E assim, começamos a esquentar sobre a primeira frase statement lá em cima. Wang Bing, quando não filma corredores, filma as interações dos internados com suas camas ou companheiros ao lado, pois o que sobra são os quartos. Quartos ainda mais claustrofóbicos que as grades, que a essa altura, viram quase um alívio pois, por entre elas, é possível avistar os prédios vizinhos antes do céu ou um segundo andar logo abaixo com, quem sabe, algum corpo feminino. Nos quartos, vemos muitos urinando, pois além de dormir é quase o que resta a se fazer ali, se não for para ficar obcecado com um mosquito na parede ou pular nas camas ou chutá-las ou coisa parecida.

E é quando reparamos nessa totalidade de ações filmadas e refletimos sobre ela que é possível concluir que, de fato, não há um panorama de loucura emanada ali. Descartemos mais um item da nossa historiografia documental: não é um filme sociológico sobre a patologia da esquizofrenia. Não é também um filme político que pretende escancarar para a sociedade aqueles mortos-vivos afastados da civilização. Prendamo-nos às ações e adentraremos o plano do tédio. Afastemos, pois, antes, o mote psicológico de lado. Não existe sequer resquício de um existencialismo que vá se romper por ali. Nenhum deles está preso pela própria loucura, apenas por grades. Pois então, sobre o que é o filme? Sobre o tédio? Não, este é posto e absorvido por nós, mas nunca desdobrado ao ponto de se tornar um tema.
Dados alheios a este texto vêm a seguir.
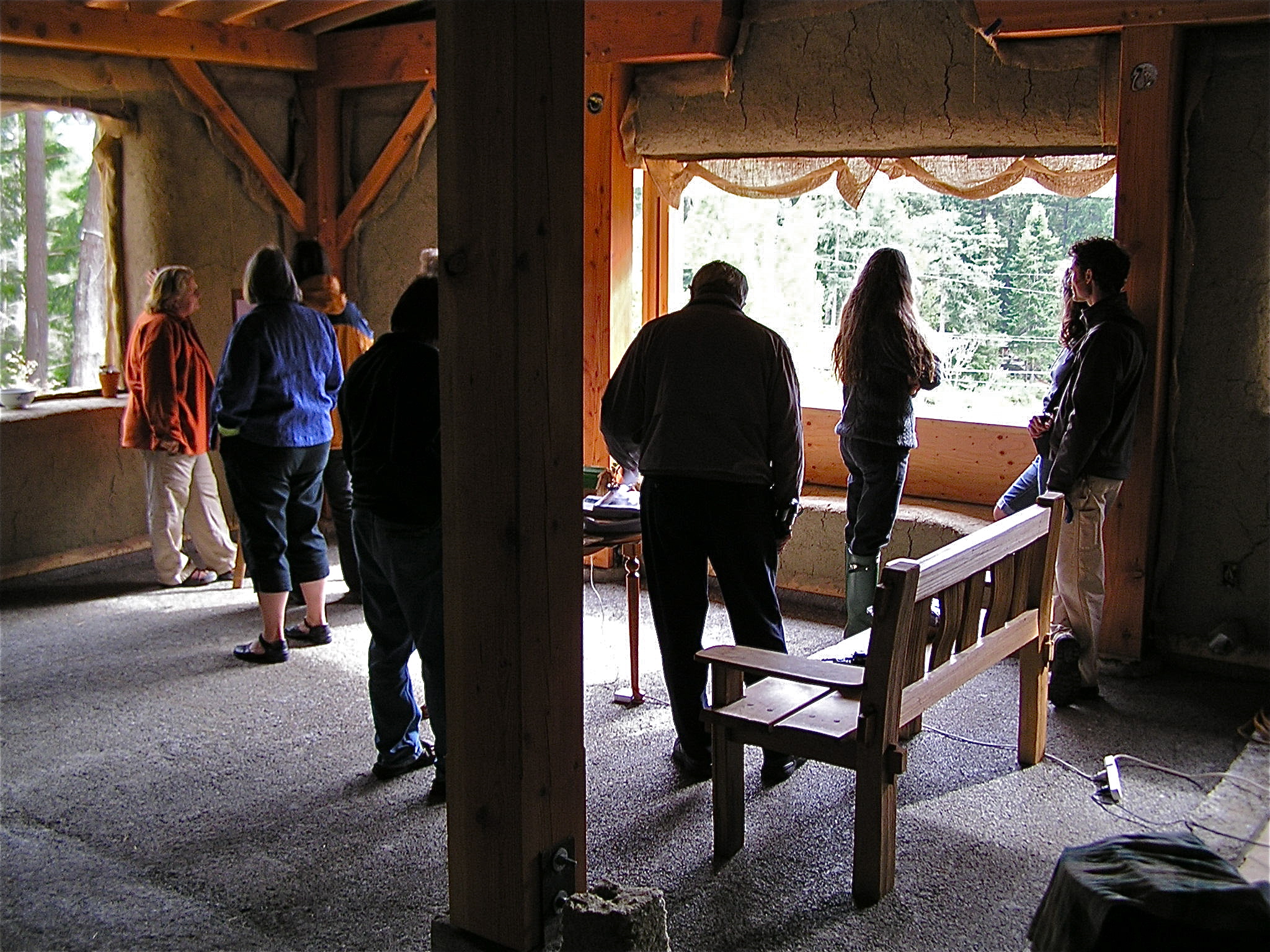 On Pender Island, a group of people wanting to promote various aspects of natural building have formed the Eco-Homes Network, in hopes of being able to provide services and information for anyone seeking to build a healthy home, as well as networking with other builders in the community to create a greater awareness of alternative materials and systems. Education for clients as well as builders is a large step towards integrating healthier building practices into any house or project, whether it is classified as “eco-friendly” or not. Why limit ourselves with labels and categories? Any system that takes pressure off the resources of the earth and saves money in the long term is just a good idea to consider. The Eco-Homes Network consists of Rob Zuk – a solar systems consultant, Ken Rempel – an architectural designer, Garrett McLeod – a traditional timber framer and carpenter, Colin Hamilton – artistic woodworker and natural builder, Tracy Calvert – an extensive natural builder and master of earthen plastering, and Jude Farmer – a woodworker and man of many skills. In fact, everyone in the group has many crossover skills and knowledge spanning many years of different experiences within the building industry, including roofing, tiling, stonework, workshop leadership, landscaping, flooring, and planning.
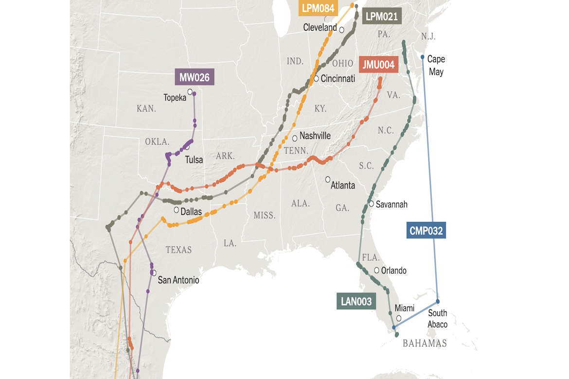 The New York Times has created a visualization charting the migration routes of six tagged monarch butterflies as they travel from release sites across the Eastern United States and southern Canada to their colonies in central Mexico. Each butterfly carries a tag that periodically pings nearby Bluetooth-enabled devices. Every time a device picks up a signal, it sends the tag’s ID, time, and location to a tracking system, creating a chain of detection points as the butterfly moves across the continent. The visualization makes clear that migration is far from uniform, exposing the different routes, detours, and behaviors that one-to-one tracking can reveal.

Este quase é um filme sobre o nada. E para todos que desistem da sessão, pois a veem como essa possibilidade de tortura (foram muitos na minha, devem ser muitos pelo mundo), este filme não consegue mesmo ultrapassar o nada. Pois só lá pela terceira hora de filme que percebemos que aquelas grades, sem nenhum psicologismo, começam a ser deveras perturbadoras. Que, se existe um portão no qual pode-se comunicar com outras pessoas, então ele não é só um portão ordinário, mas uma saída do inferno. Só a temporalidade do estar-aí nos ilumina para a liberdade. O “nada” dramático é o propulsor do incômodo na cadeira, mas não de uma forma warholiana. Ainda estamos num hospício. Ainda nos padecemos com a fúria de um louco ao receber sua mulher e filho. Não há presente ou musiquinha bonita que perfume o lugar (e reparem que o momento tangerina é mais uma ilustração de uma humildade comunista do que um real agradecimento pela comida), só existe uma vontade e essa vontade é de andar com as próprias pernas sem a obstrução das esquinas de um quadrilátero que só pode nos remeter ao mesmo lugar. O respiro, o alívio, o ar, enfim chega com a libertação de um dos detentos (se aqueles quartos com altas janelas gradeadas que nunca ilustram o outro lado não são celas de prisão, não sei o que são). O tédio do lado de fora tem um ar de lado de fora. A constante reclamação da mulher ao seu lado não dói como pode ter doído muito antes, antes da prisão. Andar e andar e andar até que o ar suma na escuridão.